Spencer at Angry Bear yesterday posted a couple of revealing charts of long-term health care costs. They provoked a good discussion of issues about how we represent economic data in graphic form. Adjusted for inflation? As a percentage of GDP? Per-capita? All three? (Somewhat wonkish.)

Here is another option. Use logarithmic values to make up and down moves directly comparable, and measure the time series against its own growth curve. Spencer’s chart of year-over-year percent change is probably just as effective, but it depends on what you’re looking to see.

On a vertical scale of nominal values, moves that rise or decline by the same percentage won’t always look the same. In fact, hardly ever. For example, a move up from 10 to 15 and another from 1,000 to 1,500. They are both 50% increases but, plotted together on the same chart, the second move from 1,000 to 1,500 will look 100 times bigger than the first (+500 vs. +5). The familiar logarithmic scale is drawn with equal segments of rising multiples of 10: from 1 to 10, 10 to 100, 100 to 1,000 and so on. It’s designed to make moves that are the same percentage look the same. However, I use logarithmic (log) values rather than a log scale because, in MS Excel, the scale doesn’t always fit the data very well. In log10 values the example just given looks like this (Table 1):

Notice that the increases are identical (0.176). On a chart +500 and +5 will *look* the same.

Figure 1 shows total health care expenditures (in inflation-adjusted, log10 values) with a growth curve plotted from 1960 to 1994, then projected to 2010. The 1960-94 period is arbitrary—any growth trend would do. But I like this one because it gives us a good metric for evaluating the latest 15 years of health care costs (1994-2009) and their slowing growth rate. Figure 2 does the same for per-capita costs. (Click on a chart to open it full-size in a separate window.)

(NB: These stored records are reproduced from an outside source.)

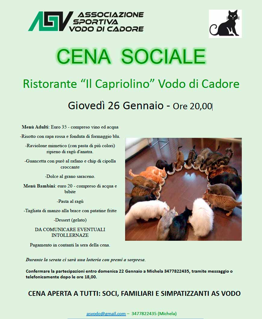 Ristorante “il Capriolino” Vodo di Cadore Venerdì 10 Gennaio 2020 – Ore 20,00 -Aperta a tutti: Soci, Famigliari, Simpatizzanti -Prezzo a persona 35,00 € -E’ richiesta la prenotazione entro mercoledì 8 Gennaio -Per contatti: asvodo@gmail.com –338 177 5198 (Manuela)
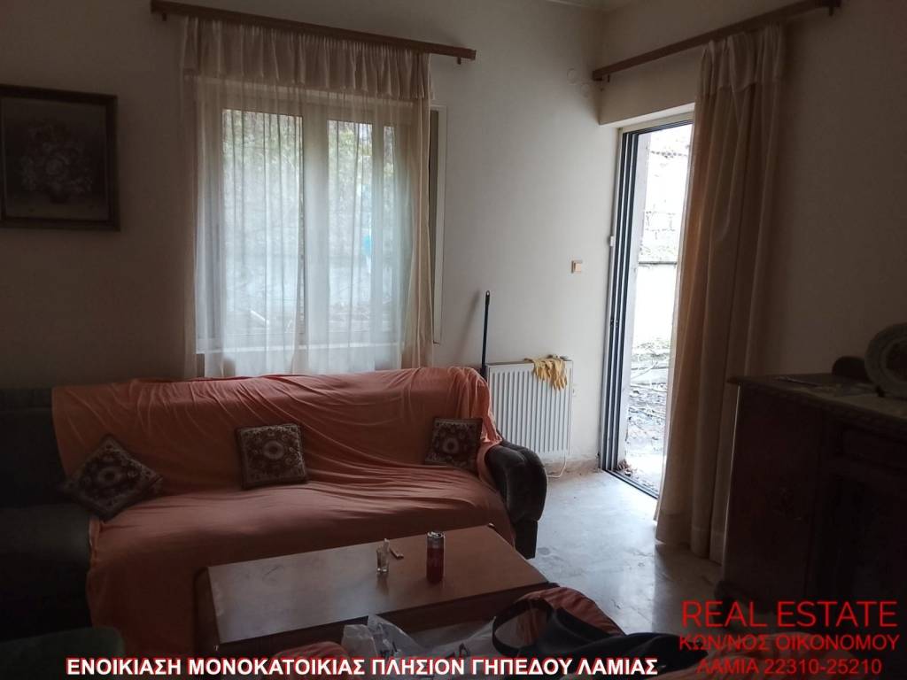 Detached house for rent, near Lamia Stadium. It is 100 sq.m., ground floor, semi-furnished, airy and bright. It consists of a living room, kitchen, two bedrooms and a bathroom. It has autonomous heating and a yard. Rental price 300 euros.
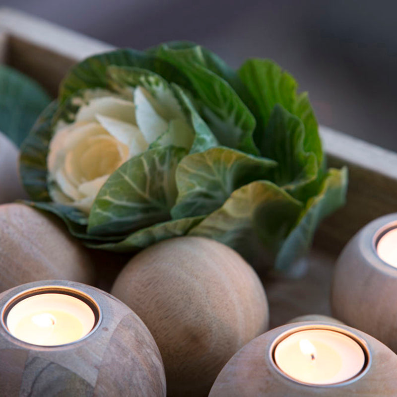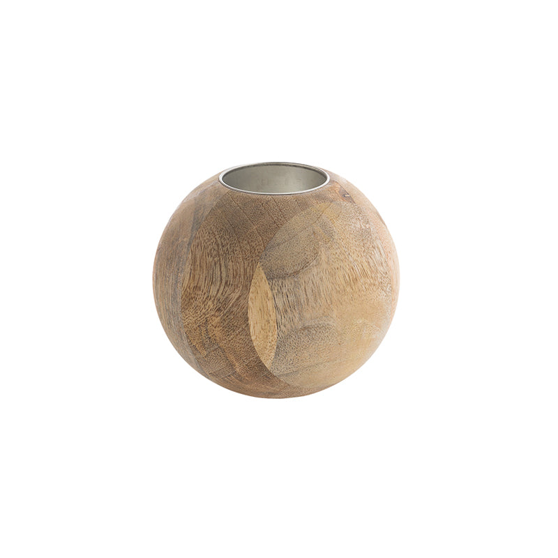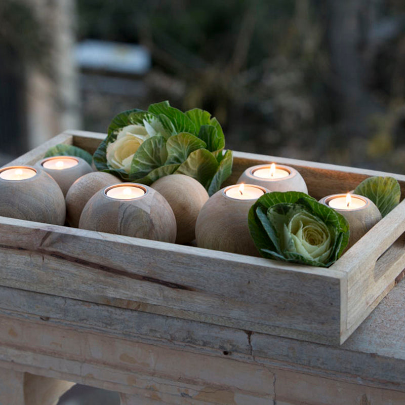 Portavelas de madera para velas de té con forma circular. La madera, con su toque natural y acogedor, potencia la calidez de la luz de la vela. Su forma redondeada aporta estilo y distinción a cualquier rincón o celebración.
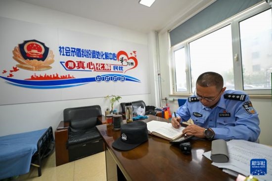 每周三上午,社區(qū)民警、社區(qū)書記、社區(qū)網(wǎng)格員、律師、人民調(diào)解員準(zhǔn)時來到位于天津市東麗區(qū)萬新街道萬隆花園社區(qū)警務(wù)室的“亞楠調(diào)解室”,集中為社區(qū)群眾提供免費法律咨詢、矛盾調(diào)解、群眾救助等服務(wù),不少群眾反映的問題在社區(qū)民警平亞楠的記錄本上逐一登記,也成為他掛在心頭的一件件大事。

Figure 3 plots the percent that each data series moves above/below its growth curve. (The two growth curves appear together here as the 0% line.) This gives us a strong visual measure of the trend, in particular the comparison of slowing growth in total costs to the greater slowing in per-capita costs. You can see the difference just by comparing Figures 1 and 2, but it’s more effective to compare the two series together on the same chart.

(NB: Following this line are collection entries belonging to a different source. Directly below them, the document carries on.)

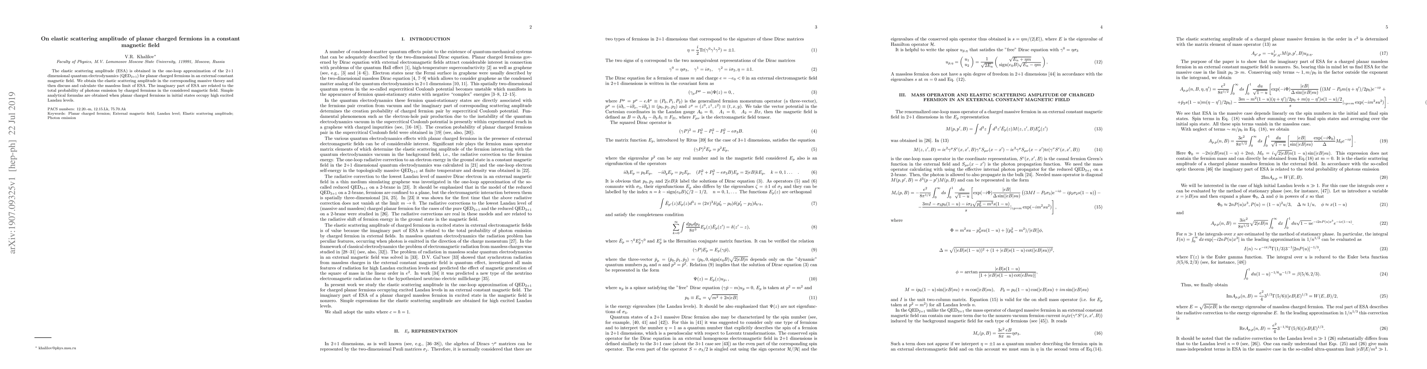 This paper calculates the elastic scattering amplitude for planar charged fermions in a 2+1 dimensional QED framework under a constant magnetic field, focusing on both massive and massless limits. It provides analytical formulas for high excited Landau levels and links the imaginary part of the amplitude to photon emission probabilities.
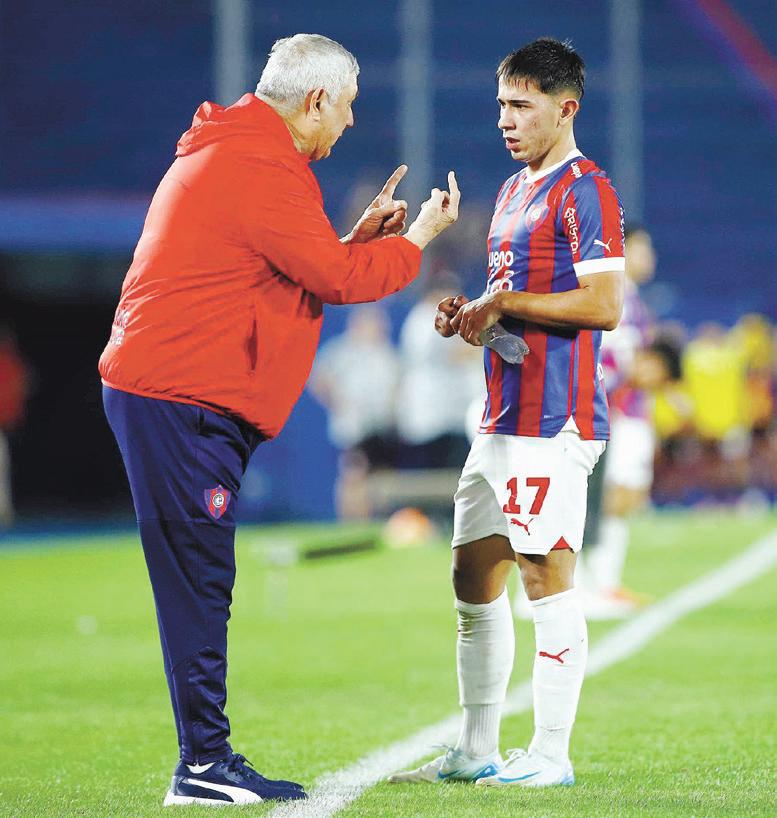 Gabriel Aguayo recibe indicaciones del DT Carlos Jara Saguier
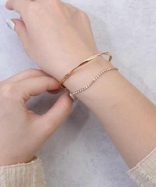 お肌に馴染みやすいひねりラインのバングルと動きのあるダイヤレーンのチェーンが女性らしい華奢な印象に。
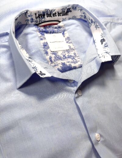 Le col français, subtil et intemporel, complète parfaitement cette chemise.
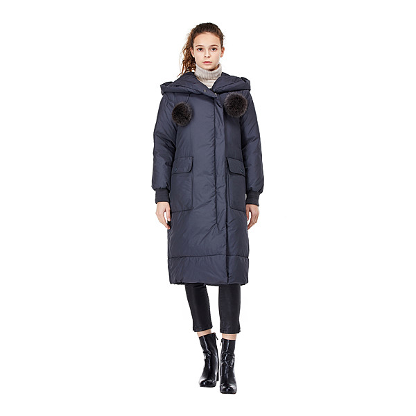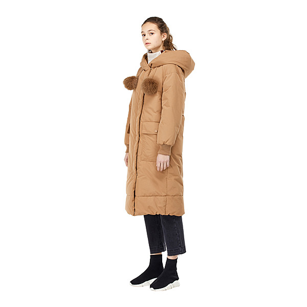 - 폭스퍼 방울 장식 디테일이 돋보이는 캐주얼한 무드의 다운 점퍼

We have to be careful with a chart like this. Slowing growth is not the same as a decline: inflation-adjusted expenditures rose 4.3% compounded annually in the 15 years from 1994 to 2009. Of course, as one commenter at Angry Bear points out, the slowing growth may just be the result of health care costs rising above people’s ability to pay for it, a condition aggravated by the fact that 50 million men, women, and children in the U.S. are uninsured today. If they can’t pay, then many don’t seek medical care even when they need it.

In the end, it depends on what you think is important to show in a chart. The rise in nominal costs? Inflation-adjusted costs? The relation of costs to their long-term trend? Whichever it is, there is a way to chart it that’s more effective than the alternatives. Finally, what all this is about is the *rhetoric* of visual presentation. What do you want to say with a chart? Or, better, what does a chart enable you to see that you don’t see otherwise?